Saturday, I had the opportunity to give a talk to 30 women in Spirit Lake Iowa. These are some of the ideas I shared. I saw several women wake up to these truths. It was beautiful for me and I count it as one of the most important things I have ever done.
Forty-two days watching seven people fight for their lives in a Neurological Intensive Care Unit deconstructed everything I thought I knew about life and gifted me with the following life-altering lessons. Make them yours:
- –Life is not a dress rehearsal. Every moment that passes is gone and you only have so many. Death isn’t going to wait for you to be finished or ready to go. We all die in medius res–in the midst of things.

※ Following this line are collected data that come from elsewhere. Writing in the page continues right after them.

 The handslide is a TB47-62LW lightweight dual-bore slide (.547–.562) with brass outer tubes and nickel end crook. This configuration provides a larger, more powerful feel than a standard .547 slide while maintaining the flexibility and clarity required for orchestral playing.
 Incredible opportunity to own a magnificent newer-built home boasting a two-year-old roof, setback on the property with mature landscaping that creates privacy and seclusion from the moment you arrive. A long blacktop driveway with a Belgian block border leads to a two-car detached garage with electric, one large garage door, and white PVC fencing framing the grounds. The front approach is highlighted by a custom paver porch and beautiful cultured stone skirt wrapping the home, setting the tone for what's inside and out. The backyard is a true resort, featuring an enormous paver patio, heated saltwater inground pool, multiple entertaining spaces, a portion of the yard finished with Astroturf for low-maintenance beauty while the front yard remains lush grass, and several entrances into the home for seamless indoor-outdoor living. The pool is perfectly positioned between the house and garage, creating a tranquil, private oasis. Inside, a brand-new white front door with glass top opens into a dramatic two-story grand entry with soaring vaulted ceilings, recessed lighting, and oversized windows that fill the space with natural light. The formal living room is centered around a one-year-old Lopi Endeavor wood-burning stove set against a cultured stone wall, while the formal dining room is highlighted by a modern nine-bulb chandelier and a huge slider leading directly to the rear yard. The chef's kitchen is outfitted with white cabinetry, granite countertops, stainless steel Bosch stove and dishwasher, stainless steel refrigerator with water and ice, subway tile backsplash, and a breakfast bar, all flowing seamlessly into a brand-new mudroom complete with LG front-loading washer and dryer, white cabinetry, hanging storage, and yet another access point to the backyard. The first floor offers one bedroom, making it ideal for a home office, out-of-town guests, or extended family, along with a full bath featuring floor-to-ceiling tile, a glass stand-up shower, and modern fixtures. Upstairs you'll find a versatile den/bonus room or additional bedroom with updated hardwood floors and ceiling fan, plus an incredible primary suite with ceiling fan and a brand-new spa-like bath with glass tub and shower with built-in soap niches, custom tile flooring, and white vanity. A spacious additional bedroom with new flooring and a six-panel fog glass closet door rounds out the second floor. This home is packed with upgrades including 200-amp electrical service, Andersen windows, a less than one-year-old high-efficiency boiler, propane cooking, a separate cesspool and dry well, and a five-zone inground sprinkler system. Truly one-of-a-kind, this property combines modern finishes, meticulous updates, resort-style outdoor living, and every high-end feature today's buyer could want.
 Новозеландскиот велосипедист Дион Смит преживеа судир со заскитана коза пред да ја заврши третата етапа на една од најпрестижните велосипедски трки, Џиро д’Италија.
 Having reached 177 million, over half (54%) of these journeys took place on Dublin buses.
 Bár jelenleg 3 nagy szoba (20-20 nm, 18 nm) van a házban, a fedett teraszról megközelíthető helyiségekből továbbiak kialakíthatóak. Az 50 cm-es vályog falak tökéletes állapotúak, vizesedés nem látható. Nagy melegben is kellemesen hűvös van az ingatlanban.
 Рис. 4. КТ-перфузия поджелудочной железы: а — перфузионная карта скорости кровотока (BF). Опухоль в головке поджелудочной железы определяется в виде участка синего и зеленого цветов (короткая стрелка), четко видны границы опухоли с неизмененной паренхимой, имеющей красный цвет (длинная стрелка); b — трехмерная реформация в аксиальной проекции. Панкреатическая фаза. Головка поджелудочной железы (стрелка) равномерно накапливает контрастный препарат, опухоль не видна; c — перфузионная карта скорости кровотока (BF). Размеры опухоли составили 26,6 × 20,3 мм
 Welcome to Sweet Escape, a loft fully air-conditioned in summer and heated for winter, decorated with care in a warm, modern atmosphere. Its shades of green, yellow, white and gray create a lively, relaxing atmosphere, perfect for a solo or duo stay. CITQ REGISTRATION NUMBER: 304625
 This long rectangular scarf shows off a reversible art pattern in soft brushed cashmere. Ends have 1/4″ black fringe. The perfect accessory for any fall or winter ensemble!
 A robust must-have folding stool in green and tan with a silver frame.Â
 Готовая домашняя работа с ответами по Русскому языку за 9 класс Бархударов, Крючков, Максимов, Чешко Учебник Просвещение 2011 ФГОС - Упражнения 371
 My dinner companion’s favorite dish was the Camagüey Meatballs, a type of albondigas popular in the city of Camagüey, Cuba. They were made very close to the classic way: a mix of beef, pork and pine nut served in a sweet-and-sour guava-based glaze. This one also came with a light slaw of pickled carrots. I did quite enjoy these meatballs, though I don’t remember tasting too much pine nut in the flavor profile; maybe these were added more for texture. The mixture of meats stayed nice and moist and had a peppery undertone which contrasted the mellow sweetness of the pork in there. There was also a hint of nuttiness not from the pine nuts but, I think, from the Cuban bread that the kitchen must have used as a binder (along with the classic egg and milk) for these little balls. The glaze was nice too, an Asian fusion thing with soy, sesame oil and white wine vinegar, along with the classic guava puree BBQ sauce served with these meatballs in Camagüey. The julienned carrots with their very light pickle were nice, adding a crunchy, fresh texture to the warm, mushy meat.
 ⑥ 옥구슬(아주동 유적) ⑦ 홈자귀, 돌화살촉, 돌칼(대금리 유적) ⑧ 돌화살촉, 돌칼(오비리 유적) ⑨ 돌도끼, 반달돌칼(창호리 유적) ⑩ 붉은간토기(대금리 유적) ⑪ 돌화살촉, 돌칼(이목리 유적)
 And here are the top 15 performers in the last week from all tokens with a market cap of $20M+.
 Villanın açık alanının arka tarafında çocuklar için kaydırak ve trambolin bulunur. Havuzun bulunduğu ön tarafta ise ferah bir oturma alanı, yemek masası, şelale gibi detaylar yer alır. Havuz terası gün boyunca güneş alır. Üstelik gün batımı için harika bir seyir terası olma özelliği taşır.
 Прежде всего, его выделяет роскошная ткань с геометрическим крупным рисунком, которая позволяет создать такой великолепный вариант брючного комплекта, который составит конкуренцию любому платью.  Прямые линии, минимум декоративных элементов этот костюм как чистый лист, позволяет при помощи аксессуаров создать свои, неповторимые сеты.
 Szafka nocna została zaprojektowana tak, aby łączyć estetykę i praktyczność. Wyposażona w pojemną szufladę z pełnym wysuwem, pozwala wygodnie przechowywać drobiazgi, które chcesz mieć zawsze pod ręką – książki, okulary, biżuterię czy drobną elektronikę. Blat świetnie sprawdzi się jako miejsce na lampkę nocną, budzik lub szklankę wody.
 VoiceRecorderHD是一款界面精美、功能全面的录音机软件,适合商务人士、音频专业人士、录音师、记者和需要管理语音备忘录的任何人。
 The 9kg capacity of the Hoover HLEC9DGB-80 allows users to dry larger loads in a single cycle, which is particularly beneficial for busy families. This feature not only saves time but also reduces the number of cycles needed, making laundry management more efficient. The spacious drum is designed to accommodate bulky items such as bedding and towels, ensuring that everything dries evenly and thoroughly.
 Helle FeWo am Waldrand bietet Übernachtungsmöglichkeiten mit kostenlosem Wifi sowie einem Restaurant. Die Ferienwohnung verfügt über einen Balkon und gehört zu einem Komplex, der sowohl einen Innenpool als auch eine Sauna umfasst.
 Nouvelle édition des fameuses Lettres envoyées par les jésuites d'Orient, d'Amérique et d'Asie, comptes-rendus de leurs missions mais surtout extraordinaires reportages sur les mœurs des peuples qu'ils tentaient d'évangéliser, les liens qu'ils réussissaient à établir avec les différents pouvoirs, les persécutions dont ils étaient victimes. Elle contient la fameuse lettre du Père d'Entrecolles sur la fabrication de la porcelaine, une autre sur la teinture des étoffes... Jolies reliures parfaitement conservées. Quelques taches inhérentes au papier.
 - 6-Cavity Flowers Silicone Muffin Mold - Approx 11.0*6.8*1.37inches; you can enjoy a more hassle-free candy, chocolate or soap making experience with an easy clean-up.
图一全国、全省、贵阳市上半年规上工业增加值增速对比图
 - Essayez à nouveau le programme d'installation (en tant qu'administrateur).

- – It’s not the destinations in life that define it, it’s the journeys. Life is a collection of connected moments and the quality of each moment is what sets its predominant tone. The destinations are experienced in a single moment and as soon as you reach one, you’ll set out for another. Making goals the most important things in your life results in very few satisfying moments and countless missed opportunities to really live.
- –There is only one human relationship that is guaranteed to last a lifetime: the one between you and you. The approval that matters is yours. This is the relationship to work on first and most often.
- –”THEY” don’t exist the way you think they do. They are mutated figments of your imagination. You create the “What-will-they-thinks” by taking one or more people from your life or the world, placing them on a pedestal, running a scenario about you by them, and then putting negative words in their mouths. The truth is you don’t know what people are thinking. The bigger truth is that it doesn’t matter what they’re thinking. The time others spend fussing over and criticizing you is time taken away from investing in the life that always needs attention: their own.
- –NOW is the only guaranteed opportunity for happiness. I had, up until that point, lived in anticipation of a future that I’d be happy in. It was an idyllic someday when my husband and I would have all of money, time, and freedom we wanted, the kids would be set, our businesses would be easy to run and we’d be free. THEN we would be happy. Watching people die taught me that someday may never come. It has to be right now. Someday is always here.
This is the work that gives my life its greatest meaning because it allows me to take pain, suffering, and loss and use it for good. Please share this post with everyone you love.
Thank you for the article! I enjoyed reading it.
Thanks for reading, Deisy!
Thank you, Deisy!
This is so true. From watching people pass abruptly to watching them die slowly yet in deep denial of the fact that they were dying, I have learned much also. Right now is the only time we can confidently say we have. Thank you for your insights…they resonate with my own!